In other words, he asks for his day in court, but has made every legal move to prevent that day from happening. Ano ba ’yan?
Of course, that is par for the course, for him… The first graft and corruption charges filed against him in the 1990s was delayed by legal maneuverings (twice he went to the Supreme Court) until finally the Sandiganbayan sometime in 2006 dismissed the charges on some technicality. That was at least 10 years ago.
This kind of delay seems to be SOP as long as litigants have the wherewithal to hire good lawyers and influence the right people. The government’s case against Lucio Tan took 22 years before a decision was made (in his favor) against all odds.
Given that kind of court delay, the Filipino voters, if they buy Binay’s ploy, will only find out, long after 2016, what kind of man they are voting for—after the damage shall have been done to the country and to themselves. Is this acceptable to us?
Which is why those Senate hearings are important, because at least we will know what kind of a man this would-be president is.
I like watching those hearings. I think I can tell whether I am being snowed under by lies or not. The demeanor of those in the hearing is important. Eyeballing a person is so much better than reading his testimony. The first subcommittee report found sufficient cause to recommend that Binay be charged with plunder. And the hearings are continuing because more evidence is coming out, showing a pattern of behavior where the chief executive and his minions appear to have cornered not only infrastructure funds, but also funds for security and janitorial services. And senior citizens. Nothing is too small to be overlooked.

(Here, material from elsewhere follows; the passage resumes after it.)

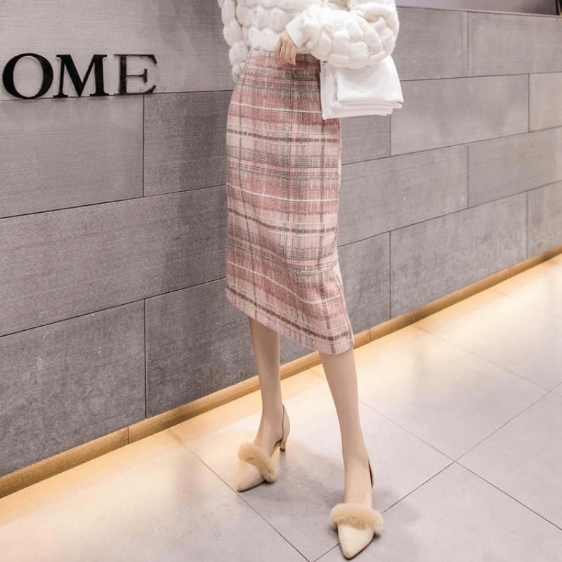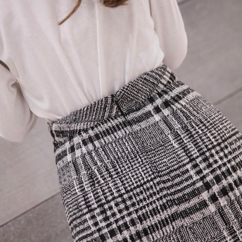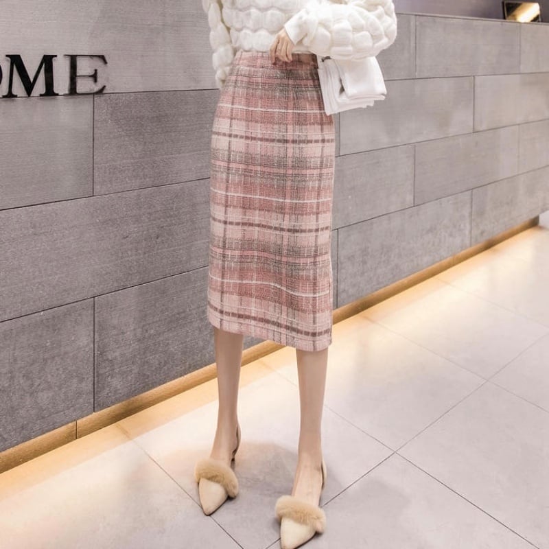 ハイウエストに履くチェック柄スカートは大人レディstyleにしてくれるタイトスカートです。

Like in the construction of buildings where there was only one contractor (who, accusers say, returned the favor by building Hacienda Binay almost pro bono, at least the Binays didn’t have to pay; it was taken out of the costs of Makati structures), apparently there was also only one favored contractor for security and custodial services. Whereas Hilmarc’s Construction Corp. at least had a legitimate identity, the custodial and security services and IT services (P5.6 billion in 10 years) were owned by minions (Gerry Limlingan et al.) of the Binays. Sweet deals.
All this recent information would not have come to light had the City Hall administration not changed hands. For 28 years a Binay was in control of City Hall, so it was no problem to hide things or to “fix” things with, say, the resident COA auditors, by giving them a share of the action. But Ombudsman Conchita Carpio Morales suspended Junjun Binay for six months (after much grief), and Vice Mayor Kid Peña took over—and opened the records for investigation.

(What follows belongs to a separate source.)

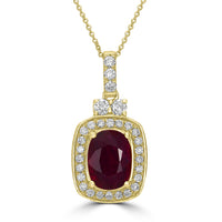 This luxury-style 14K yellow gold pendant is perfect for tapping into today's trend or for gifting to a special friend. Set with an eye-catching cushion-cut Ruby, the color of the gemstone is accentuated by the radiance of the round Diamonds.

Two Makati City Hall officials testified, one Arturo Cruto and one Violeta Lazo—a sea change from before, where there was lack of cooperation from City Hall. Cruto testified that there were ghost senior citizens; Lazo testified to the corporate structures of the winning bidders of the security and custodial services (damning), and even IT services.
What was the immediate reaction of the Binay side? They did not dispute the issues, they attacked the witnesses. Cruto was Ernesto Mercado’s executive assistant with unliquidated accounts, and Lazo was Peña’s person whose objective was to vilify Binay. Thus their testimony was not to be believed.
From what I can gather, Cruto was never in Mercado’s staff. He was in the Makati Action Center directly under the Office of the Mayor. And I was told he is well liked by his peers because he gets things done. Which is why he was taken in by Peña.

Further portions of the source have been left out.